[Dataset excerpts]
========

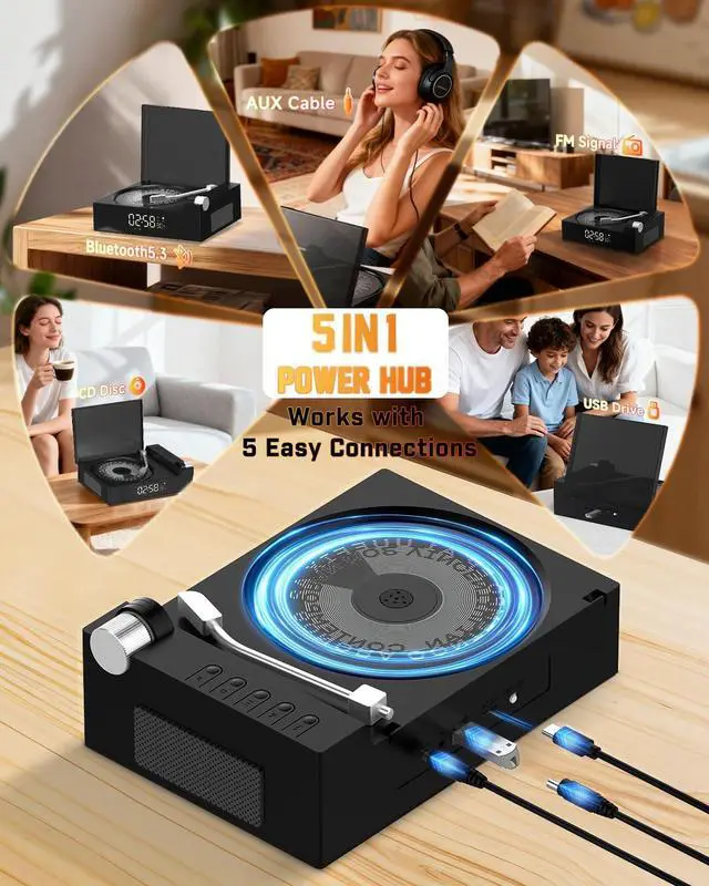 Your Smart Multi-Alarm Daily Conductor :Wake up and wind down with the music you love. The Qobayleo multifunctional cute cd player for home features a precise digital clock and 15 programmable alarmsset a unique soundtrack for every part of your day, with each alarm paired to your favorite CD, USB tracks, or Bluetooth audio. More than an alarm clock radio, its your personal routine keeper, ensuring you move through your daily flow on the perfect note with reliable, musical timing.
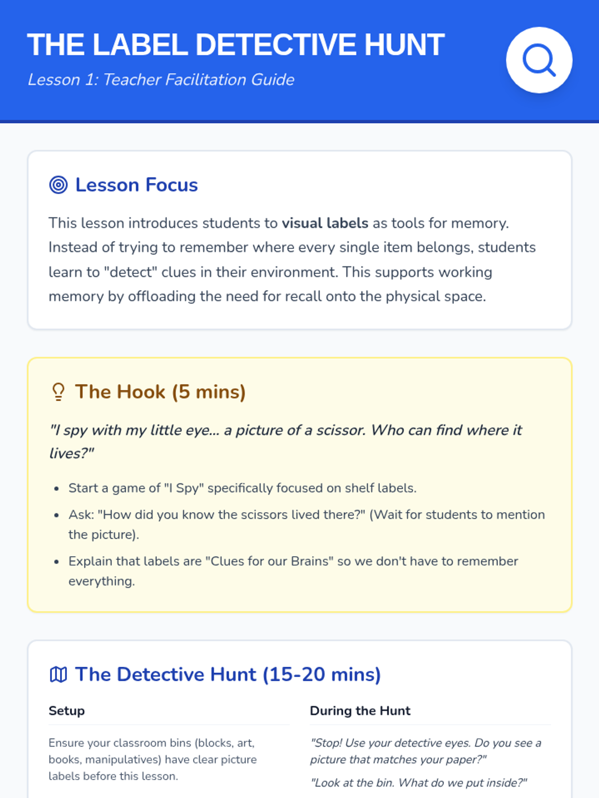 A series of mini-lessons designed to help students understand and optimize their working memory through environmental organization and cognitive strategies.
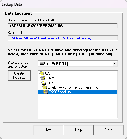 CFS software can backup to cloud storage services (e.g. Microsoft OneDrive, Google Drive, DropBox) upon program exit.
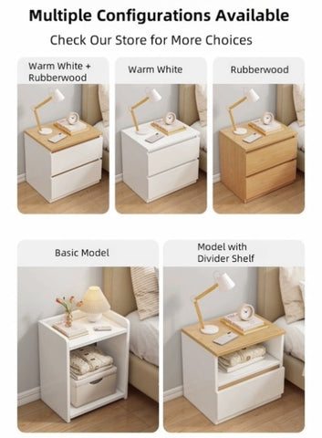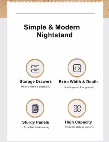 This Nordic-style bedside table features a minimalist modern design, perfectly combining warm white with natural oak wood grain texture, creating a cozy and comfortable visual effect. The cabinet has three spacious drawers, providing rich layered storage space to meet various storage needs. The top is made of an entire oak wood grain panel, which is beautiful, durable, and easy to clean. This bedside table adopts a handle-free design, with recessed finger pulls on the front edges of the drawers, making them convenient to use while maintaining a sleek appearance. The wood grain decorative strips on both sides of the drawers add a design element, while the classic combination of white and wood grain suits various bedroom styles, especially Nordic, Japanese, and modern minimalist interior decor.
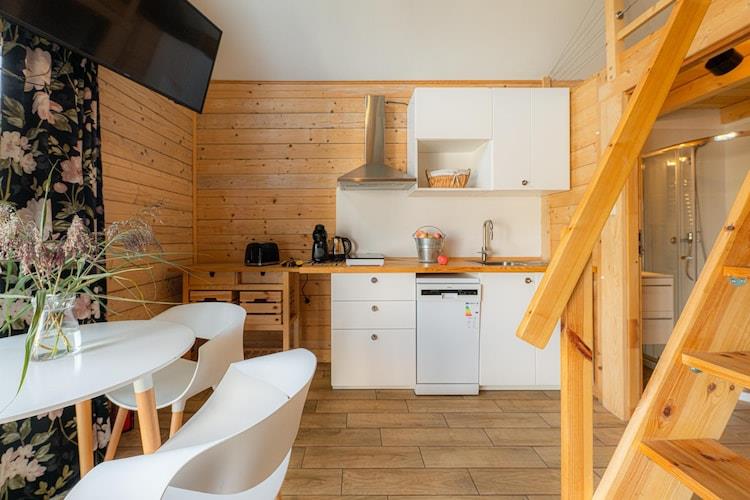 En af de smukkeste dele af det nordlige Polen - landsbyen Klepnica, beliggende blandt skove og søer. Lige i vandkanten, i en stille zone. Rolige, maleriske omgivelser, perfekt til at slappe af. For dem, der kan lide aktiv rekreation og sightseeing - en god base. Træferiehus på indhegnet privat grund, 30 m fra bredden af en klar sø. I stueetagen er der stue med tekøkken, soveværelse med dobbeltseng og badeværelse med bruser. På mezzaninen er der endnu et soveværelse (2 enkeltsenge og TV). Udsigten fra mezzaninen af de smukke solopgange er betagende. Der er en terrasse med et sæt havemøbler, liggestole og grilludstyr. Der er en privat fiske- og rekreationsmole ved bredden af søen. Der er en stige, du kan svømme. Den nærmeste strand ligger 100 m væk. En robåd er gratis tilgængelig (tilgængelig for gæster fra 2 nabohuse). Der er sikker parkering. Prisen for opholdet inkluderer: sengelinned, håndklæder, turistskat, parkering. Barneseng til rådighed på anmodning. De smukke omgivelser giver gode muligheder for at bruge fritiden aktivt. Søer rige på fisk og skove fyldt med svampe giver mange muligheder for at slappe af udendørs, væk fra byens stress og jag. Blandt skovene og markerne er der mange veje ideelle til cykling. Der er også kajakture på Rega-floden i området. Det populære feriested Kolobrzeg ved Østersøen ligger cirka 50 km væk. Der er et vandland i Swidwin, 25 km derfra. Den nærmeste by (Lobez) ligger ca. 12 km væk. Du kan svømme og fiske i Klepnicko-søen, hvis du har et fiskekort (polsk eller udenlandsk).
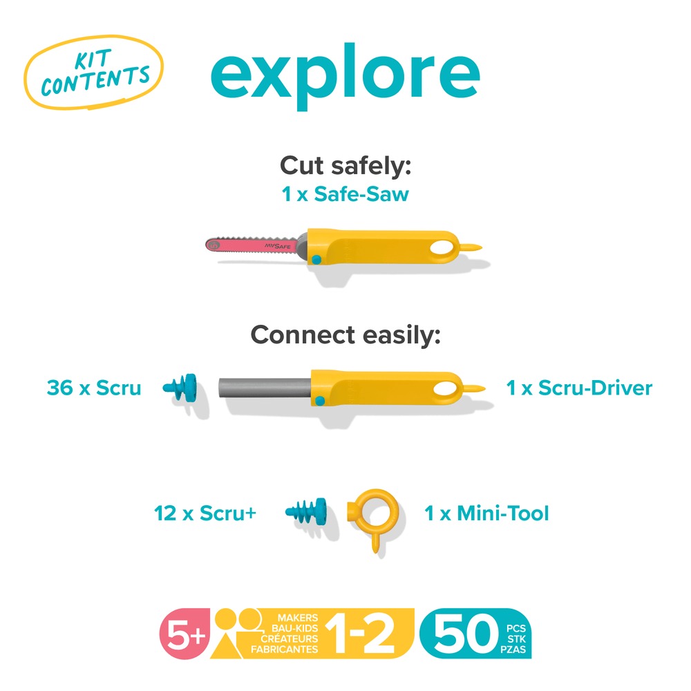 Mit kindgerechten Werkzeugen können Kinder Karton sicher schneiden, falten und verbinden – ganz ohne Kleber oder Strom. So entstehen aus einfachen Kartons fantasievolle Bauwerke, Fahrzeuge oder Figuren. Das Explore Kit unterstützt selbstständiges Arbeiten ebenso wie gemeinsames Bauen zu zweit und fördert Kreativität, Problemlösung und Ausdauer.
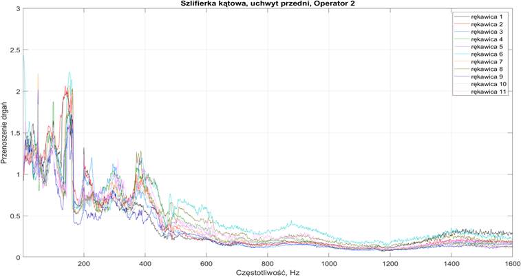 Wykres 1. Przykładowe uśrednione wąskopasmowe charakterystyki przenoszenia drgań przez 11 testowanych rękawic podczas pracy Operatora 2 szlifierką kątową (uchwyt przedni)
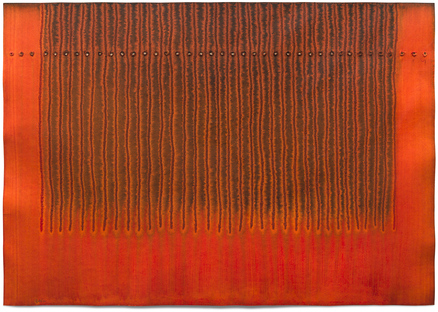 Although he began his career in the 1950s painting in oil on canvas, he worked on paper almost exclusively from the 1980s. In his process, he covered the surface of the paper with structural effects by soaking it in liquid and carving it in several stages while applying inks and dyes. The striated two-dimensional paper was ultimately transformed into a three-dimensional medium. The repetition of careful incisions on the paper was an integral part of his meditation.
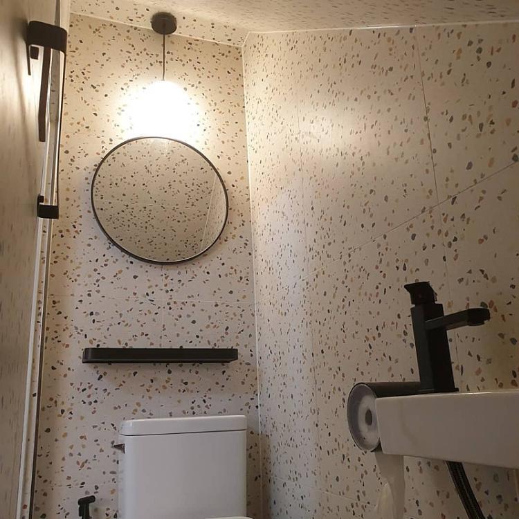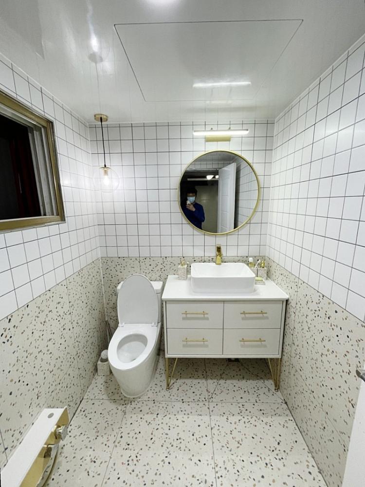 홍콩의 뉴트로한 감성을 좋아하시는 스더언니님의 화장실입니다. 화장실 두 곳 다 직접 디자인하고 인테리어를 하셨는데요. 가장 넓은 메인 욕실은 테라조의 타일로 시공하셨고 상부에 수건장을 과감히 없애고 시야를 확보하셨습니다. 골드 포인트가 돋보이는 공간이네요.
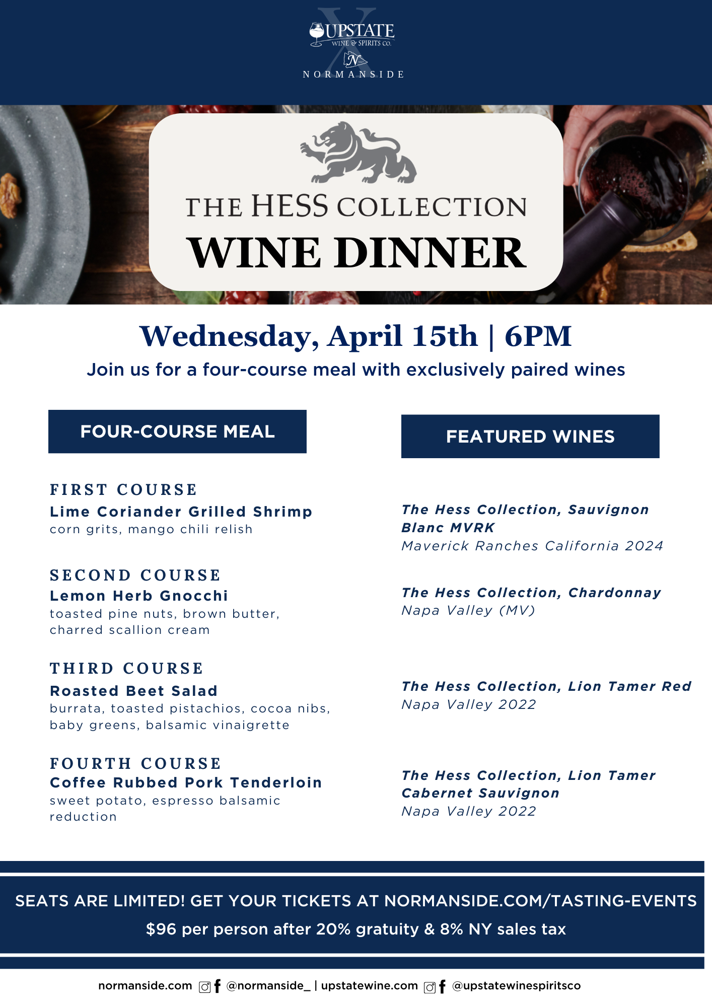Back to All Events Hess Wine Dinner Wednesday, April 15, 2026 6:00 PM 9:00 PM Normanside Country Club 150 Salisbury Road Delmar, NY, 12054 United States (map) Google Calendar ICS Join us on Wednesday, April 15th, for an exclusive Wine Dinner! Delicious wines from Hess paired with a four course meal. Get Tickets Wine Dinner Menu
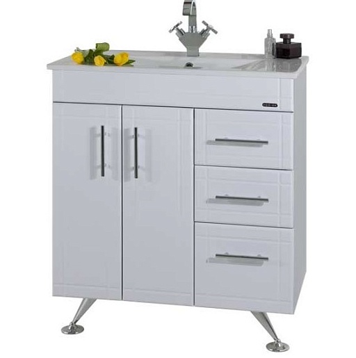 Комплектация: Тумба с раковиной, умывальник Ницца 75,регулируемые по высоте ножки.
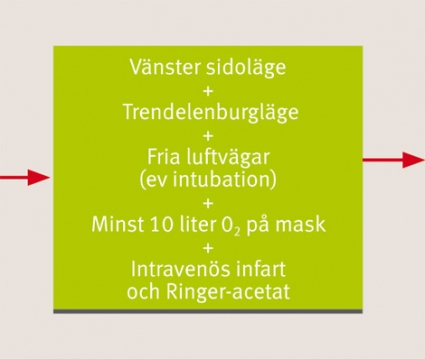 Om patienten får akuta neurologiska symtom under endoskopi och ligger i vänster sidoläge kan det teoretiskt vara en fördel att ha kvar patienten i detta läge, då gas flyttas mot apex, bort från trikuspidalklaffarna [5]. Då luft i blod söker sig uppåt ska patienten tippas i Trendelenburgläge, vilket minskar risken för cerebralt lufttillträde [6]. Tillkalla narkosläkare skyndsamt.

========

Give back, exactly and without pictures, the stretch of the records above from the line containing "En af de smukkeste" through the line containing "Wykres 1. Przykładowe", with both end lines included.

## EXERCISE ANSWER
 En af de smukkeste dele af det nordlige Polen - landsbyen Klepnica, beliggende blandt skove og søer. Lige i vandkanten, i en stille zone. Rolige, maleriske omgivelser, perfekt til at slappe af. For dem, der kan lide aktiv rekreation og sightseeing - en god base. Træferiehus på indhegnet privat grund, 30 m fra bredden af en klar sø. I stueetagen er der stue med tekøkken, soveværelse med dobbeltseng og badeværelse med bruser. På mezzaninen er der endnu et soveværelse (2 enkeltsenge og TV). Udsigten fra mezzaninen af de smukke solopgange er betagende. Der er en terrasse med et sæt havemøbler, liggestole og grilludstyr. Der er en privat fiske- og rekreationsmole ved bredden af søen. Der er en stige, du kan svømme. Den nærmeste strand ligger 100 m væk. En robåd er gratis tilgængelig (tilgængelig for gæster fra 2 nabohuse). Der er sikker parkering. Prisen for opholdet inkluderer: sengelinned, håndklæder, turistskat, parkering. Barneseng til rådighed på anmodning. De smukke omgivelser giver gode muligheder for at bruge fritiden aktivt. Søer rige på fisk og skove fyldt med svampe giver mange muligheder for at slappe af udendørs, væk fra byens stress og jag. Blandt skovene og markerne er der mange veje ideelle til cykling. Der er også kajakture på Rega-floden i området. Det populære feriested Kolobrzeg ved Østersøen ligger cirka 50 km væk. Der er et vandland i Swidwin, 25 km derfra. Den nærmeste by (Lobez) ligger ca. 12 km væk. Du kan svømme og fiske i Klepnicko-søen, hvis du har et fiskekort (polsk eller udenlandsk).
 Mit kindgerechten Werkzeugen können Kinder Karton sicher schneiden, falten und verbinden – ganz ohne Kleber oder Strom. So entstehen aus einfachen Kartons fantasievolle Bauwerke, Fahrzeuge oder Figuren. Das Explore Kit unterstützt selbstständiges Arbeiten ebenso wie gemeinsames Bauen zu zweit und fördert Kreativität, Problemlösung und Ausdauer.
 Wykres 1. Przykładowe uśrednione wąskopasmowe charakterystyki przenoszenia drgań przez 11 testowanych rękawic podczas pracy Operatora 2 szlifierką kątową (uchwyt przedni)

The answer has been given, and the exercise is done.